3

500行SQL快速实现UCF

 3 years ago
source link: http://www.cnblogs.com/arachis/p/UCF.html
Go to the source link to view the article. You can view the picture content, updated content and better typesetting reading experience. If the link is broken, please click the button below to view the snapshot at that time.
neoserver,ios ssh client

写在前面话

UCF通常是User-base Collaborative Filter的简写;大体的算法思路是根据用户行为计算相似群体(邻居),为用户推荐其邻居喜好的内容;感觉是不是很简单、那废话不多说先撸个SQL。

SQL

select uid1,uid2,sim
from (
    select uid1
        ,uid2
        ,cnt12 / sqrt(cnt1*cnt2) sim
        ,row_number() over(partition by uid1 order by cnt12 / sqrt(cnt1*cnt2) desc) sim_rn
    from (
        select a.uid uid1
            ,b.uid uid2
            ,count(a.iid) cnt12 
        from tb_behavior a
        join tb_behavior b
        on a.iid = b.iid
        where a.uid <> b.uid
        group by a.uid,b.uid
    ) a12
    join (select uid,count(iid) cnt1 from tb_behavior group by uid) a1
    on a12.uid1 = a1.uid
    join (select uid,count(iid) cnt2 from tb_behavior group by uid) a2
    on a12.uid1 = a2.uid
) tb_neighbour
where sim > 0.1 and sim_rn <= 30

读者实现的话只需要把上面的tb_behavior表替换成自己业务的用户行为即可;iid,uid分别对应物品id和用户id;

根据共现相似度,即共同喜好的物品个数比上各自喜好物品总数乘积取平方;最后截断用户最相似的前30个邻居作为推荐的依据。
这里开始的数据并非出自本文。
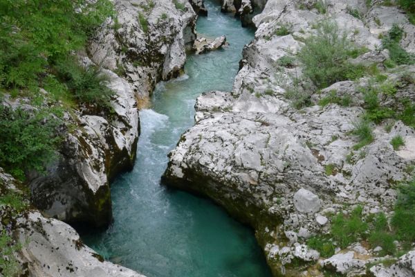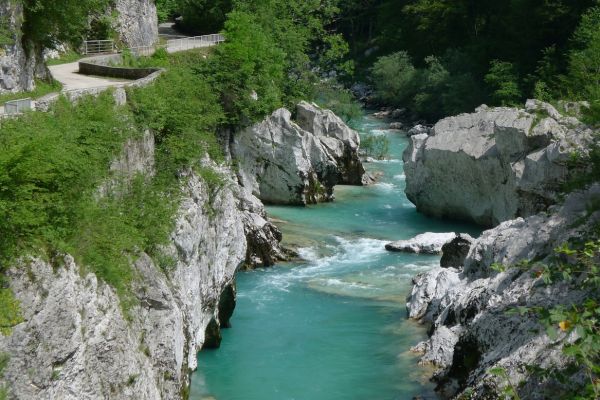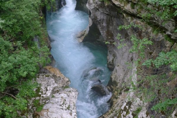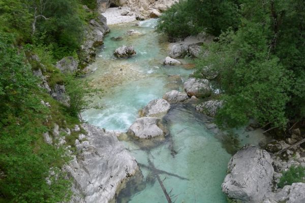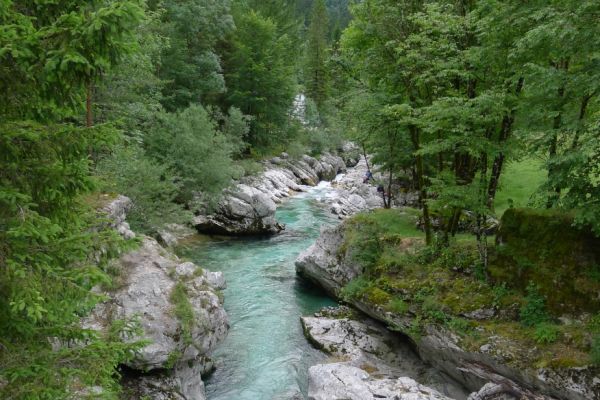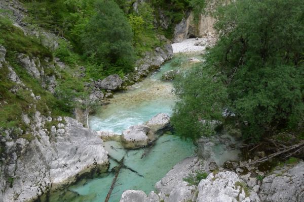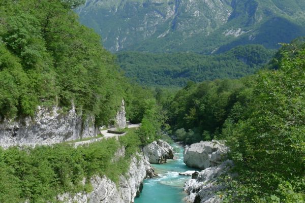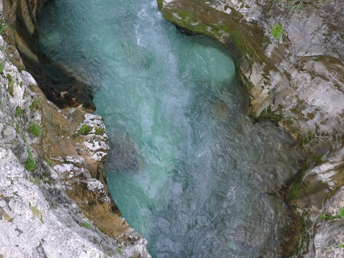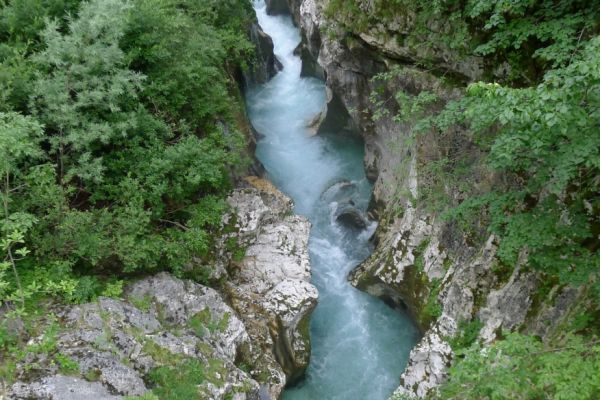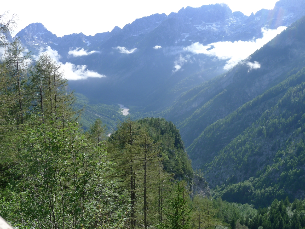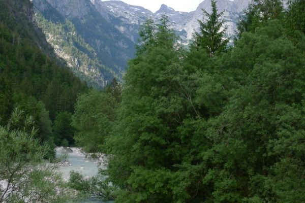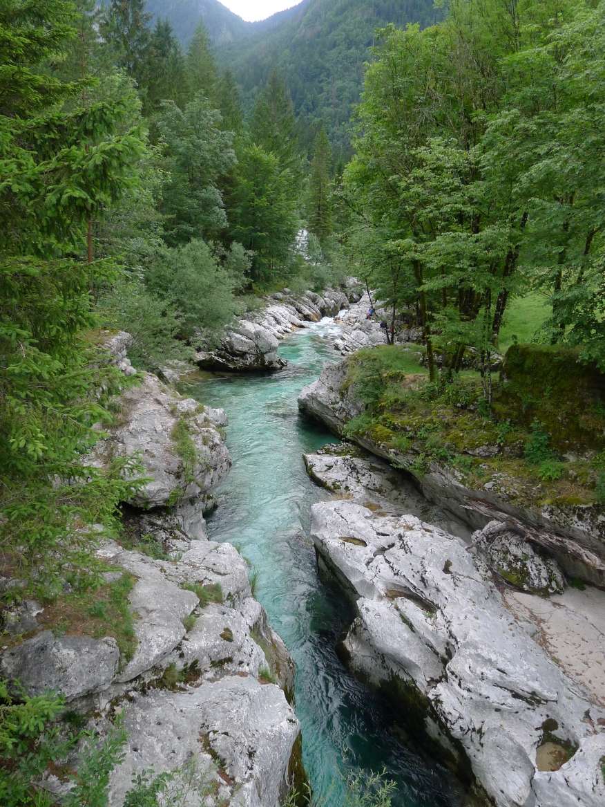 18:21 Uhr: mehrere Fotostopps später sind wir im Tal der Soča angekommen. Etwa 18 km bis zum Etappenziel Bovec haben wir noch vor uns, die Straße führt zumeist leicht bergab am Fluss entlang.

上面构造了邻居表,下面就是根据邻居的喜好为用户推荐了,具体sql如下:

select uid1,iid
from (
    select uid1
        ,iid
        ,max(sim) score
        ,row_number() over(partition by uid1 order by max(sim) desc) user_rn
    from tb_neighbour a12
    join (select uid,iid from tb_behavior) a2
    on a12.uid2 = a2.uid
    join (select uid,collect_set(iid) iids1 from tb_behavior group by uid) a1
    on a12.uid1 = a1.uid
    where not array_contaions(iids1,a2.iid)
    group by uid1,iid
) tb_rec
where user_rn <= 500

这里说明下包括上面的top30邻居和用户top500的最大推荐列表都是工程优化,截断节约些存储;具体读者可以根据自己业务需要进行设置;

然后大概说下各个表的含义:a1表是用户已消费过的物品,a2表是用户每个邻居喜好的物品;那么也就是说从邻居喜好的物品中过滤掉已经消费的

物品整体根据共现相似度进行排序。

思考

但思路很简单、实际作者开发中总会遇到各种各样的问题,下面就捡几个主要的和大家一起讨论下:

  • 1.join引起的数据倾斜问题:tb_neighbour表很大,往往热点物品会占据80%的曝光和消费记录,如何解决?
  • 2.增量更新问题:上面的框架,tb_behavior表每次都是全量计算,是否能改造成增量更新邻居表和推荐结果,并减少计算时间呢?

join引起的数据倾斜问题

先思考问题1,既然我们目的是求相似邻居,物品join只是为了关联上一组用户对,那自然的想法是可以根据feed做近似采样、相似度精度也几乎无损失。

下面我试着实现下这种思路:

with tb_behavior_sample as (
    select uid,iid 
    from (
        select uid
            ,iid
            ,row_number() over(partition by iid order by rand()) feed_rn
        from tb_behavior
    ) bh
    where feed_rn <= 50000
) 

select uid1,uid2,sim
from (
    select uid1
        ,uid2
        ,cnt12 / sqrt(cnt1*cnt2) sim
        ,row_number() over(partition by uid1 order by cnt12 / sqrt(cnt1*cnt2) desc) sim_rn
    from (
        select a.uid uid1
            ,b.uid uid2
            ,count(a.iid) cnt12 
        from tb_behavior_sample a
        join tb_behavior_sample b
        on a.iid = b.iid
        where a.uid <> b.uid
        group by a.uid,b.uid
    ) a12
    join (select uid,count(iid) cnt1 from tb_behavior group by uid) a1
    on a12.uid1 = a1.uid
    join (select uid,count(iid) cnt2 from tb_behavior group by uid) a2
    on a12.uid1 = a2.uid
) tb_neighbour
where sim > 0.1 and sim_rn <= 30

这里用了hive的with as语法,读者可自行查阅,篇幅有限,就不展开了;feed_rn就是随机采样了50000条,实际操作时读者可以先统计下item的分布、大概找到一个阈值;

比如取top10的item的出现次数作为阈值;那计算相似度时分子最多减小10,分母不变。这对大多数情况精度应该足够了,而且因为避免了数据倾斜,大大降低了计算时间。

增量更新问题

问题2是一个工程问题,lambda架构能使初始结果效果不错,可直接上线灰度了;在此基础上再加小时或者天增量;kappa架构相对就比较繁琐、需要一开始就设计增量流程。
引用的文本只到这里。